A functional ABCC11 protein has been found to be essential for the presence of the characteristic strong axillary odor, with the 538G→A SNP leading to a loss of secretion of axillary malodorous precursors and a nearly complete loss of axillary odor in those who are homozygous for the polymorphism. Specifically, the secretion of the amino-acid conjugates 3M2H-Gln, HMHA-Gln, and Cys-Gly-(S) 3M3SH, which are precursors of key axillary malodorous compounds including the unsaturated or hydroxylated branched-chain fatty acids 3M2H and HMHA and the sulfanylalkanol 3M3SH, has been found to be abolished in homozygotic carriers of the SNP, and the odoriferous androstane steroids androstenone and androstenol and their precursors DHEA and DHEA-S have been found to be significantly reduced as well. Patients with axillary osmidrosis (538G/G or 538G/A genotype) were found to have significantly more numerous and relatively large axillary apocrine glands compared to controls with the A/A genotype.

==Fatty acids==
In contrast to the aforementioned odoriferous compounds, the levels of long straight-chain fatty acids such as hexadecanoic acid, octadecanoic acid, and linolic acid and short straight-chain fatty acids such as butyric acid, hexanoic acid, and octanoic acid in axillary sweat have not been found to be affected by the ABCC11 genotype, which suggests that their secretion is independent of ABCC11. These straight-chain fatty acids are odoriferous, but differently and to a much lesser extent compared to branched-chain fatty acids. In accordance, it has been said that it is very likely that these aliphatic straight-chain fatty acids are responsible for the faint sour acidic axillary odor that has previously been observed in most Japanese individuals. In addition to the secretion of straight-chain fatty acids, axillary microflora did not appear to differ between homozygous carriers of the 538G→A SNP and non-carriers.

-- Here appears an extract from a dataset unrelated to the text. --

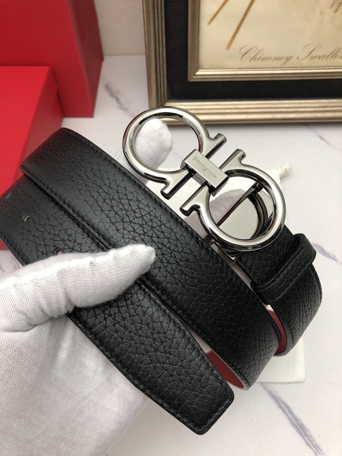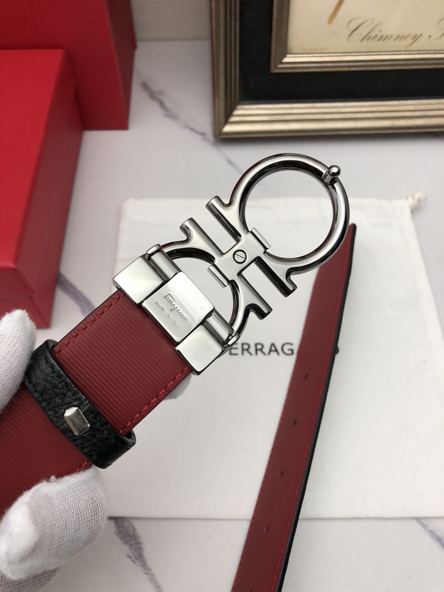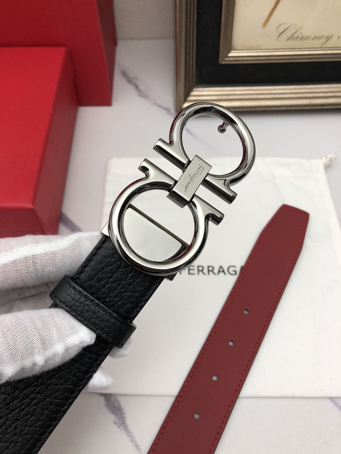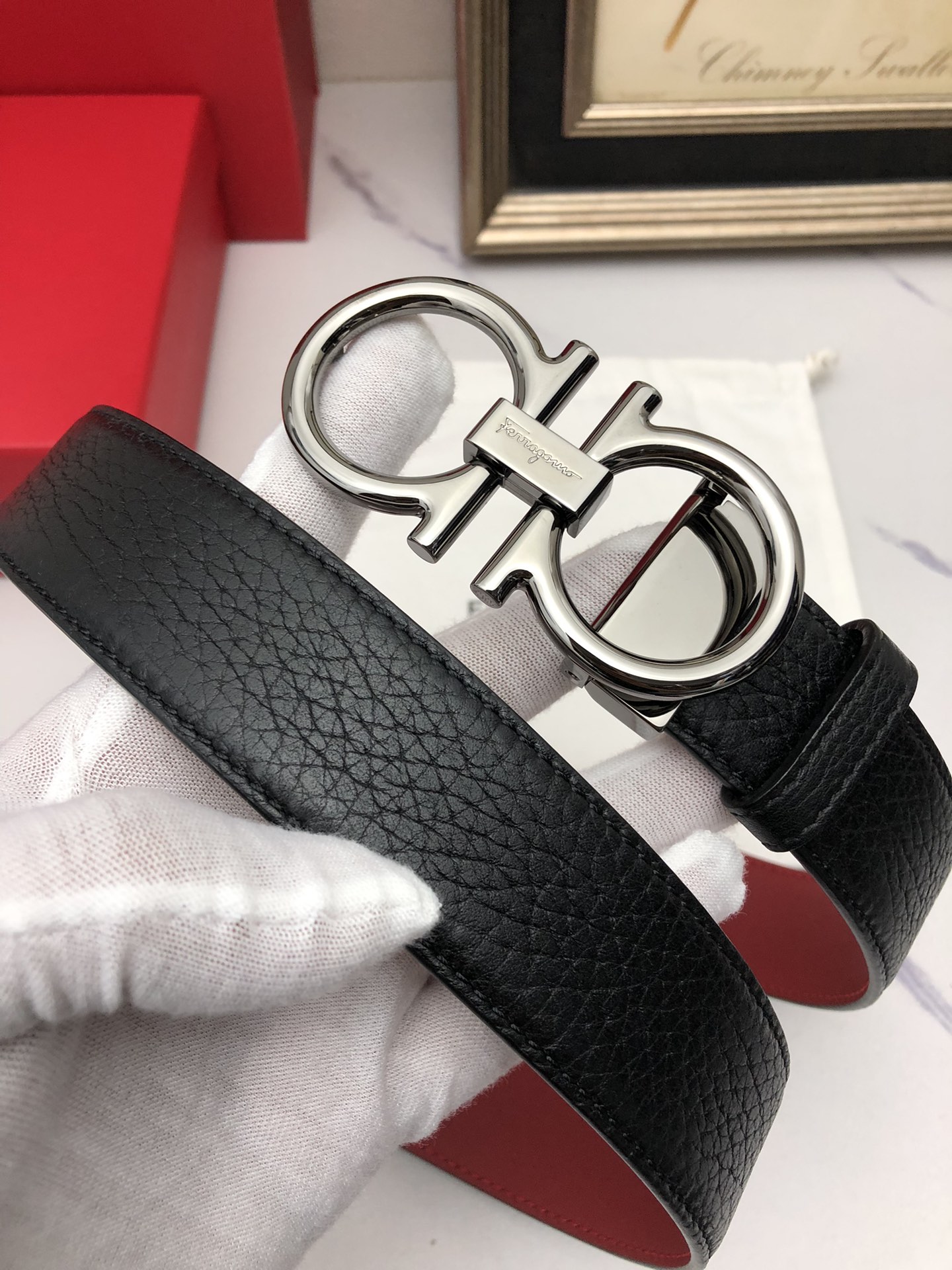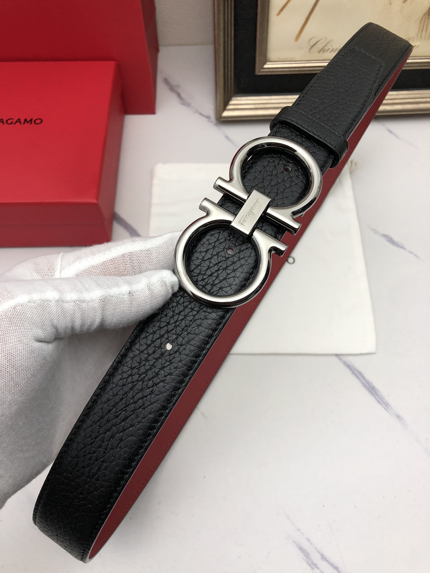 这款皮带是AAAAA 1:1 质量 (非常棒). 使用了和原版一模一样的材料. 商标部分也保持了和菲拉格慕/Salvatore Ferragamo一样. 图片拍摄是实物皮带拍摄, 您所收到的实物保证和我们图片一模一样.

The ABCC11 transporter appears to be involved both in the transport of androstane steroids into the secretory cells of apocrine glands and in the secretion of preodoriferous compounds from axillary apocrine glands. Specific steroids that ABCC11 has been found to transport include steroid sulfates like DHEA-S and estrone sulfate and steroid glucuronides like estradiol glucuronide. In accordance with its transport of compounds involved in axillary odor, ABCC11 alleles are strongly associated with axillary odor. Asians have little or faint axillary odor, whereas Caucasians and Africans have strong axillary odor, and this has been found to be due to genetic differences in the ABCC11 gene.